Dans ce contexte, le coup d’arrêt donné par le préfet coordonnateur du massif alpin au projet pharaonique (900 lits touristiques, commerces, salles de sport sur une surface de 18 000 m2) fomenté par le basketteur retraité Tony Parker à Villard-de-Lans relève du dérisoire, même si dans ce domaine toute bonne nouvelle est bienvenue.

C’est qu’en France, les bonnes nouvelles de ce type sont rares. Notre pays est le troisième contributeur européen au saccage des espaces naturels, loin devant l’Allemagne et le Royaume-Uni, pourtant sensiblement plus peuplés. Notre découpage administratif ubuesque n’y est sans doute pas pour rien. Il y a 35 000 communes en France, c’est autant que dans la totalité des autres états membres de l’Union européenne ! 35 000 maires, 35 000 conseils municipaux, qui veulent chacun son lotissement, chacun sa zone « artisanale », chacun son centre commercial (et le parking qui va avec). 35 000 micro-lobbys prompts à se mobiliser et à intriguer au Sénat pour faire capoter le ZAN (zéro artificialisation nette). Les « petites » opérations immobilières (moins de 8 logements par hectare) sont responsables de 51 % de la consommation d’espace… pour seulement 19 % des logements construits.

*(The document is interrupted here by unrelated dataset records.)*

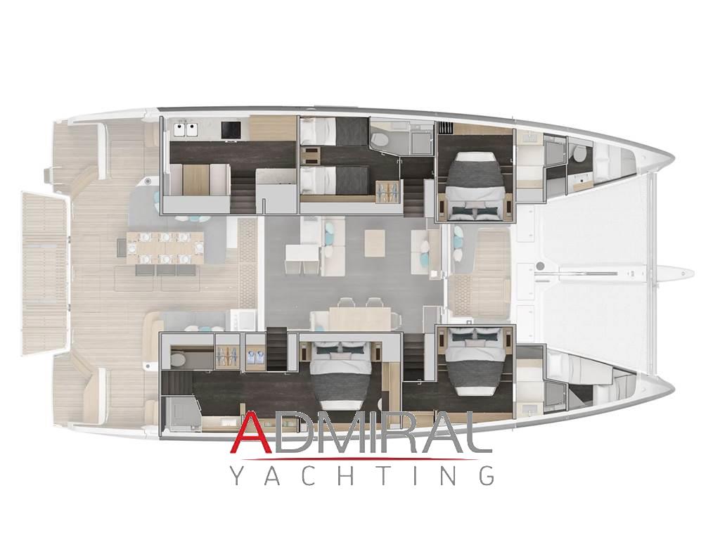 NUOVO MODELLO - CONSEGNA MAGGIO 2025 SCAFO GELCOAT GRIGIO E COPERTA IN TEAK VERSIONE ARMATORIALE 4 CABINE CON CUCINA SEPARATA SOTTO COPERTA 2 CABINE E |
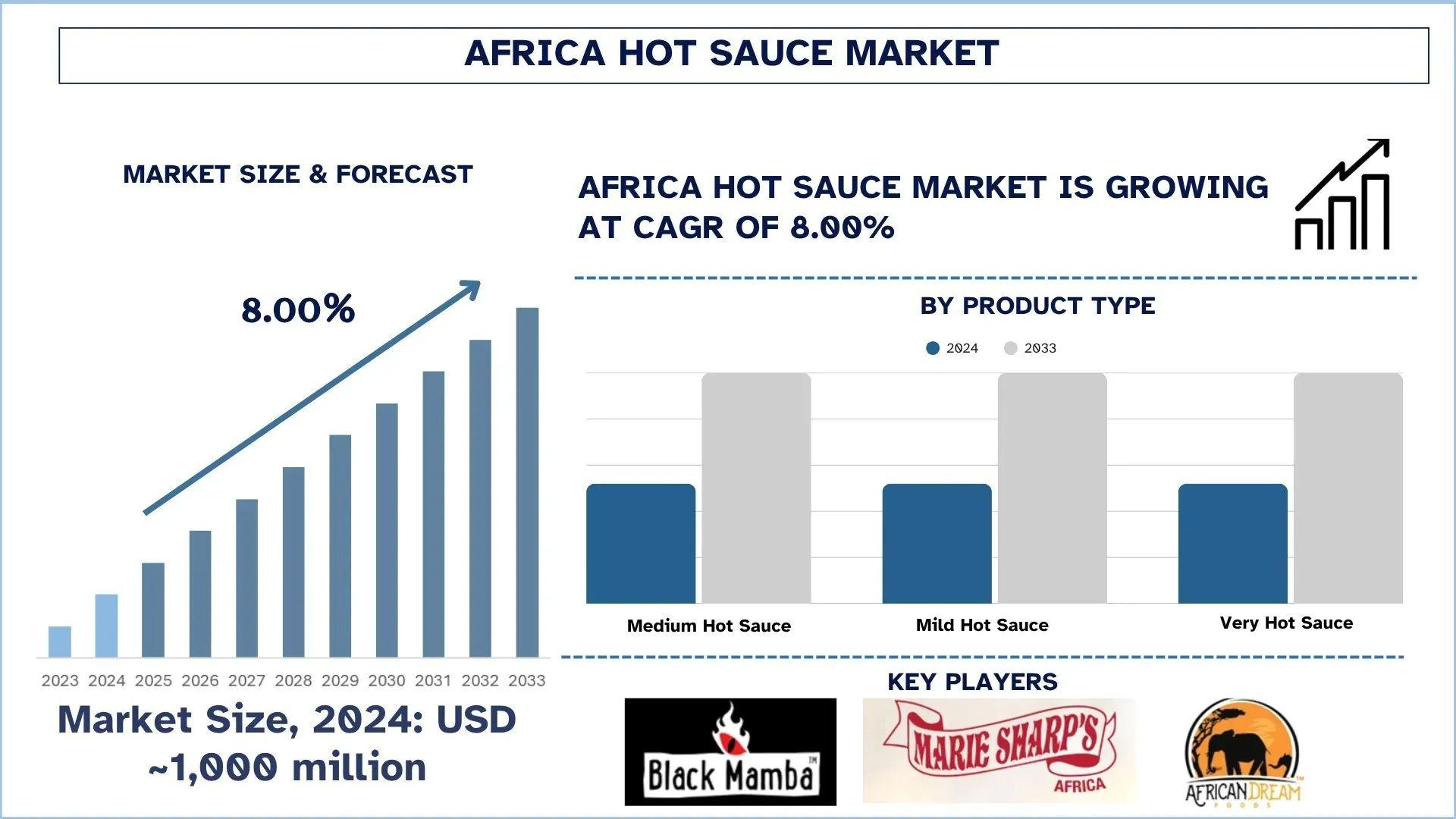 According to UnivDatos, growing demand for spicy/ethnic flavors among consumers, and the Expansion of foodservice/quick-service restaurants (QSRs) and street-food culture have led to the market rise. As per their “Africa Hot Sauce Market” report, the Africa market was valued at USD 1,000 million in 2024, growing at a CAGR of about 8.00% during the forecast period from 2025 - 2033 to reach USD million by 2033.
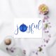 The greeting card uses a blue Christmas ornament with real foil accents as the "o" (typography) in "joyful". The option to change the gold to silver or rose gold is available. The back of the card includes the sender's address and greeting.
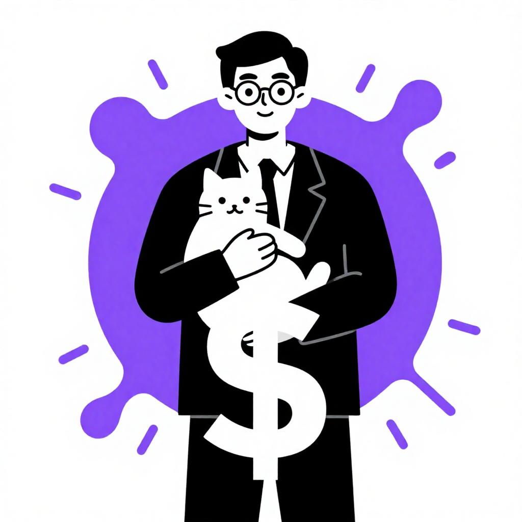 Drawing of a man with dark hair, glasses, and a black suit holding a cat. He stands to the right, purple splatter behind him. Large white dollar sign overlaps the lower half. Minimalistic style.
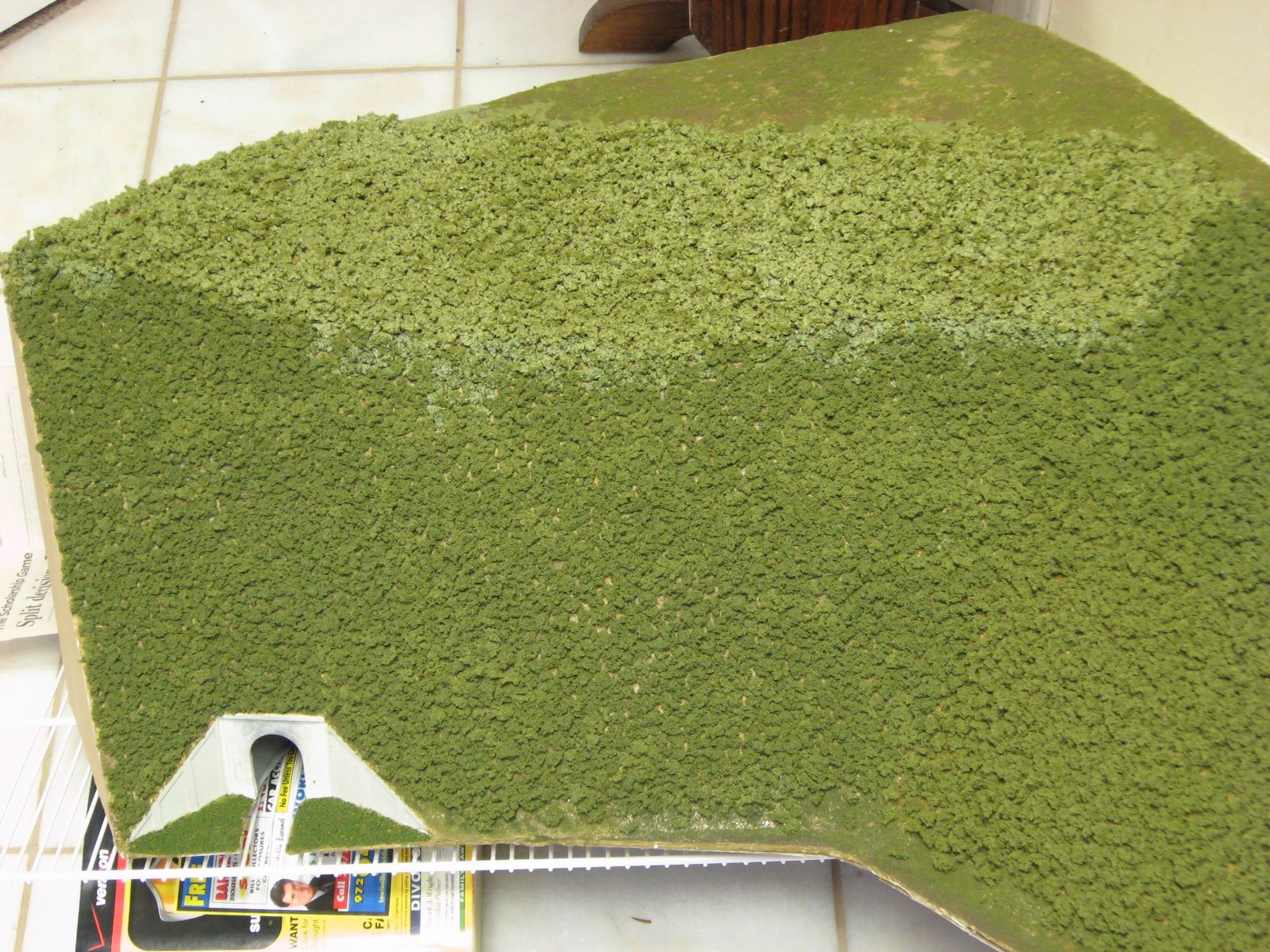 First, I set the ridge on my table to make it easier work on. I added a green blended turf at the tunnel portals. I added brown turf along the front edge of the ridge lip that will run along the road. Behind this, I added burnt grass and green blended turf. I glued all of this down with Scenic Cement.
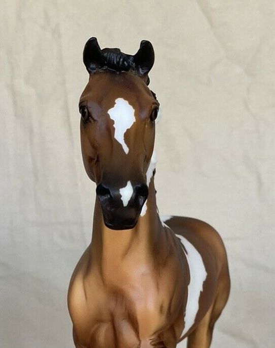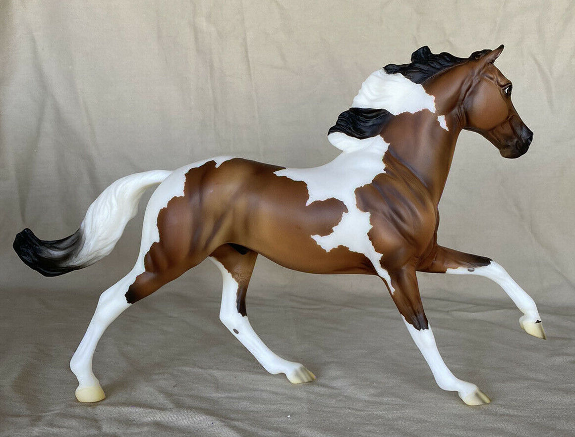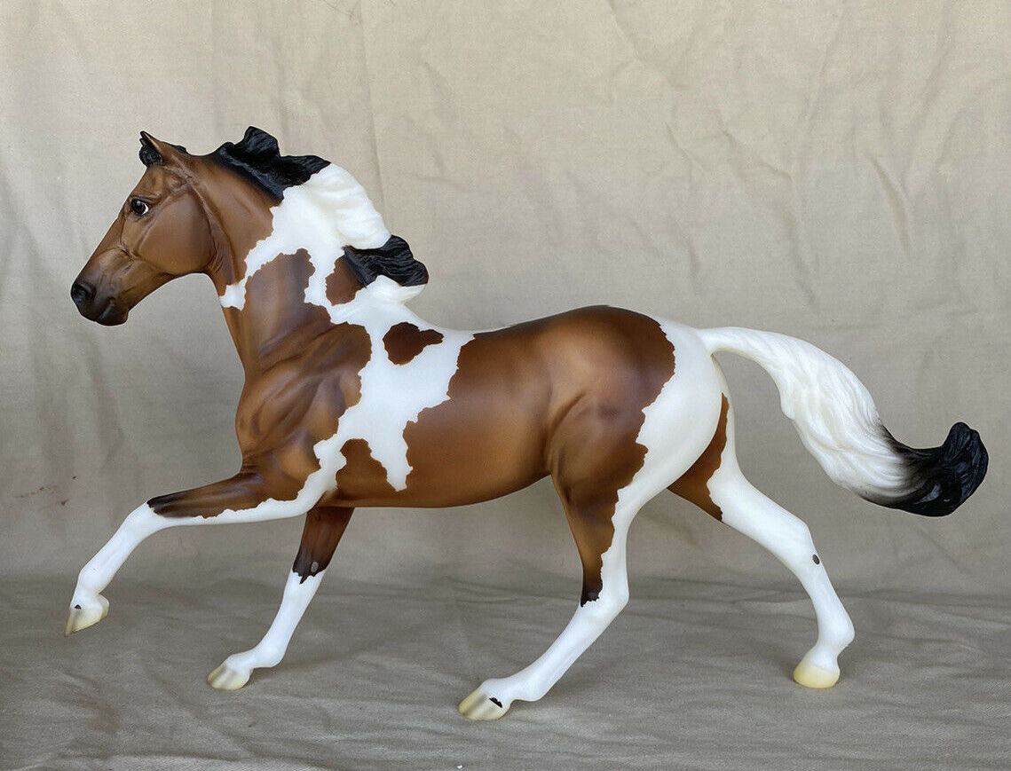 Matte bay pinto; large star; snip; 4 stockings; striped hooves; BreyerFest SR; 1/364
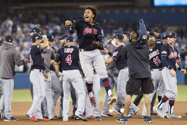 Cleveland Indians shortstop Francisco Lindor celebrates after defeating the Toronto Blue Jays in game five American League Championship Series baseball action in Toronto on Wednesday, October 19, 2016.Mark Blinch/The Canadian Press
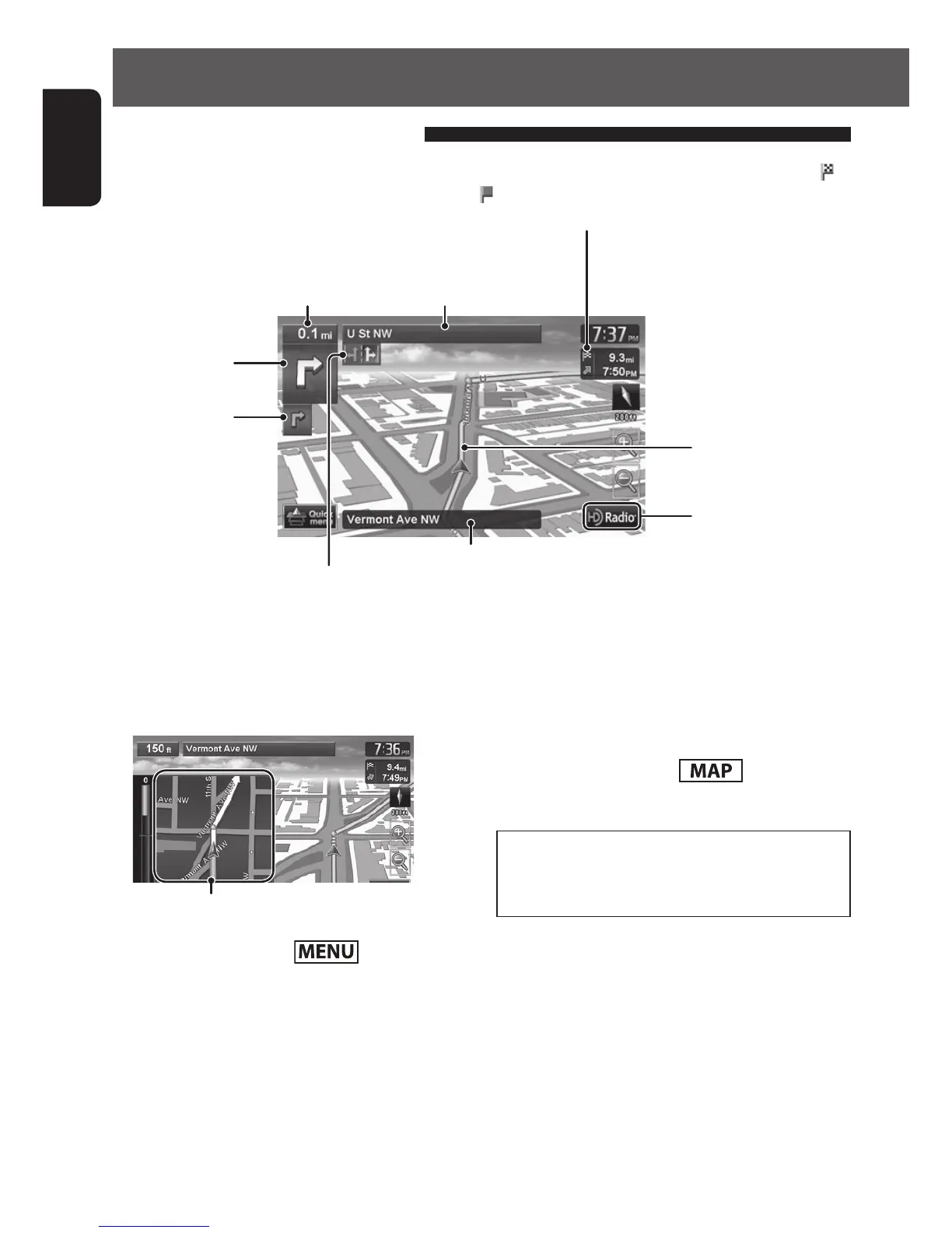 • When you reach the area approximately within 90 ft (30 m) around the destination/via point, the Navigation

Au moment de signer un permis de construire ou d’aménager, ou une autorisation de destruction d’espèces protégées, combien pèsent, dans la balance économique, les services écosystémiques sacrifiés ? Combien pèsent l’air pur, l’eau propre, les terres pour cultiver notre nourriture autrement qu’en gavant les sols résiduels de bombes chimiques à fragmentation ?

Pendant que, sur le plan politique, l’Europe vire au vert-de-gris, sur la carte elle vire tout aussi vite du vert au gris. De ces deux mouvements simultanés, difficile de déterminer le plus inquiétant…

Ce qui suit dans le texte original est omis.